▸ **Data section**
^^^^

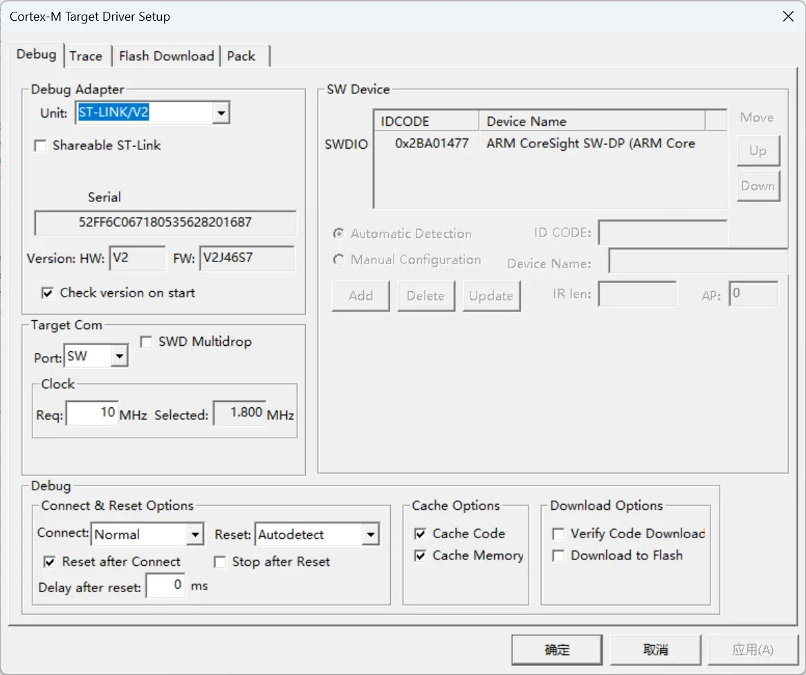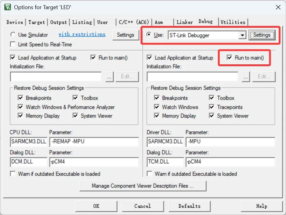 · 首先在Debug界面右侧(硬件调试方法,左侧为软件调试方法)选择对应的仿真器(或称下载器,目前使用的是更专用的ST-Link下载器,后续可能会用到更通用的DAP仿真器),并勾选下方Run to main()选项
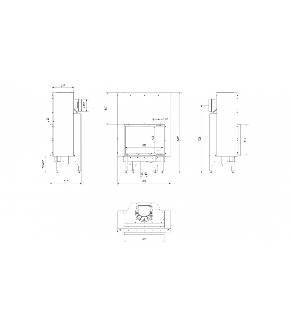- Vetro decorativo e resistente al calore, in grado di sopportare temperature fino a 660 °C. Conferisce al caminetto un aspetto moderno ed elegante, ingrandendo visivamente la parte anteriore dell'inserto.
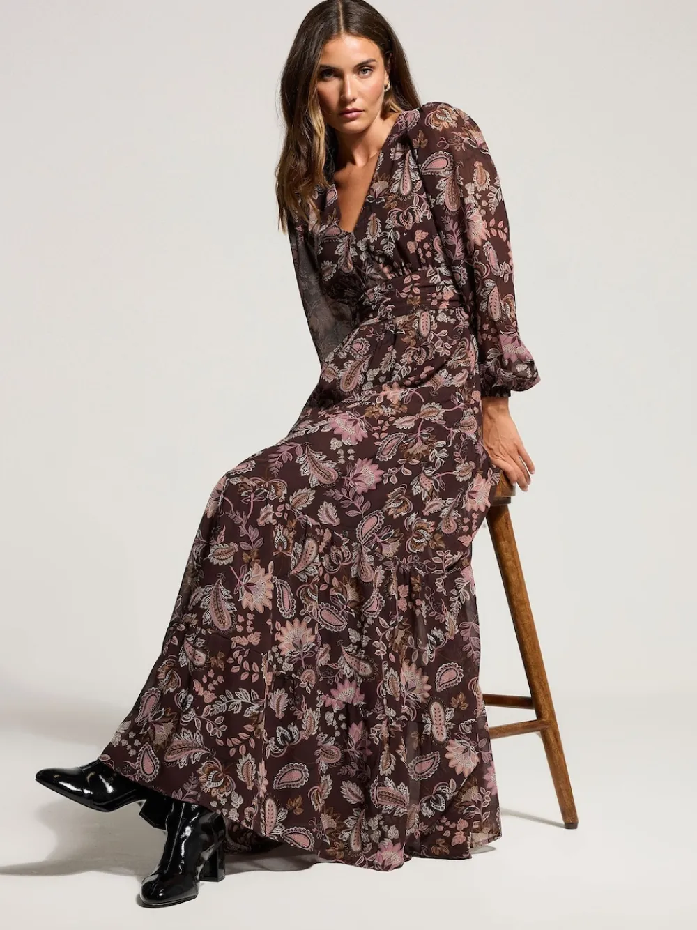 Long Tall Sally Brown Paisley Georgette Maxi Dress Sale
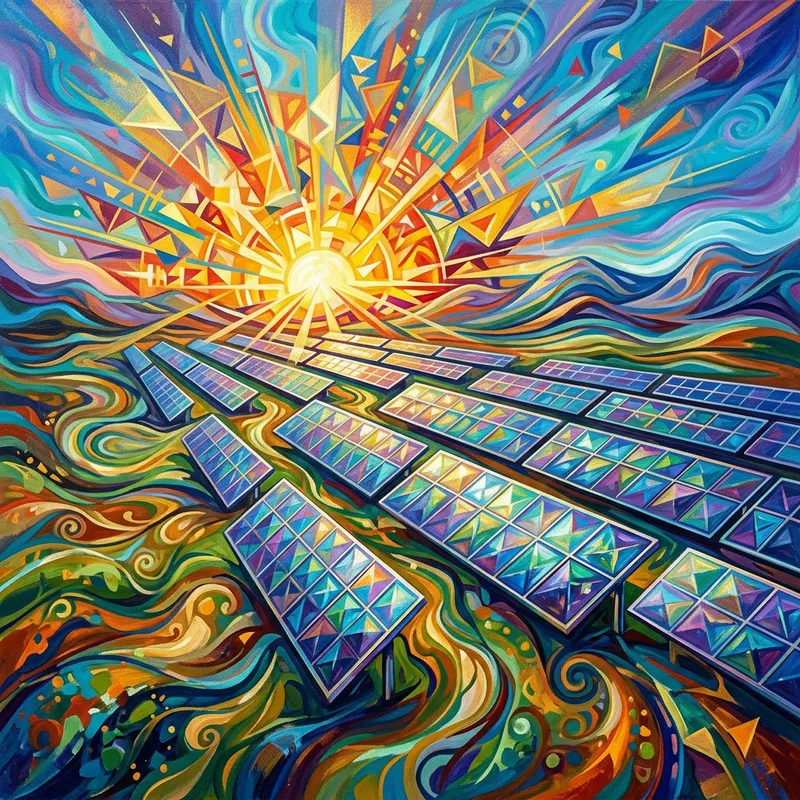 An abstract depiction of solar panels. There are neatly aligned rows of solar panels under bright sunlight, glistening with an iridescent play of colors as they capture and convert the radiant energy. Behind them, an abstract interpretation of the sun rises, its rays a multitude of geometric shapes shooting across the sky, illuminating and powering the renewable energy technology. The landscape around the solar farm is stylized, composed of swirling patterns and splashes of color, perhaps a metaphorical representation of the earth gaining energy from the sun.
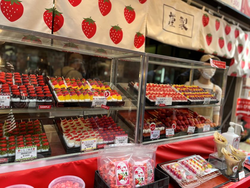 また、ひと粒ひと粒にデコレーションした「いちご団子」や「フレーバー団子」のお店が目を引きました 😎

^^^^

▸ **Exercise details**
Exactly as written, give the entries above again, with no images.

▸ **Written response**
 · 首先在Debug界面右侧(硬件调试方法,左侧为软件调试方法)选择对应的仿真器(或称下载器,目前使用的是更专用的ST-Link下载器,后续可能会用到更通用的DAP仿真器),并勾选下方Run to main()选项
- Vetro decorativo e resistente al calore, in grado di sopportare temperature fino a 660 °C. Conferisce al caminetto un aspetto moderno ed elegante, ingrandendo visivamente la parte anteriore dell'inserto.
 Long Tall Sally Brown Paisley Georgette Maxi Dress Sale
 An abstract depiction of solar panels. There are neatly aligned rows of solar panels under bright sunlight, glistening with an iridescent play of colors as they capture and convert the radiant energy. Behind them, an abstract interpretation of the sun rises, its rays a multitude of geometric shapes shooting across the sky, illuminating and powering the renewable energy technology. The landscape around the solar farm is stylized, composed of swirling patterns and splashes of color, perhaps a metaphorical representation of the earth gaining energy from the sun.
 また、ひと粒ひと粒にデコレーションした「いちご団子」や「フレーバー団子」のお店が目を引きました 😎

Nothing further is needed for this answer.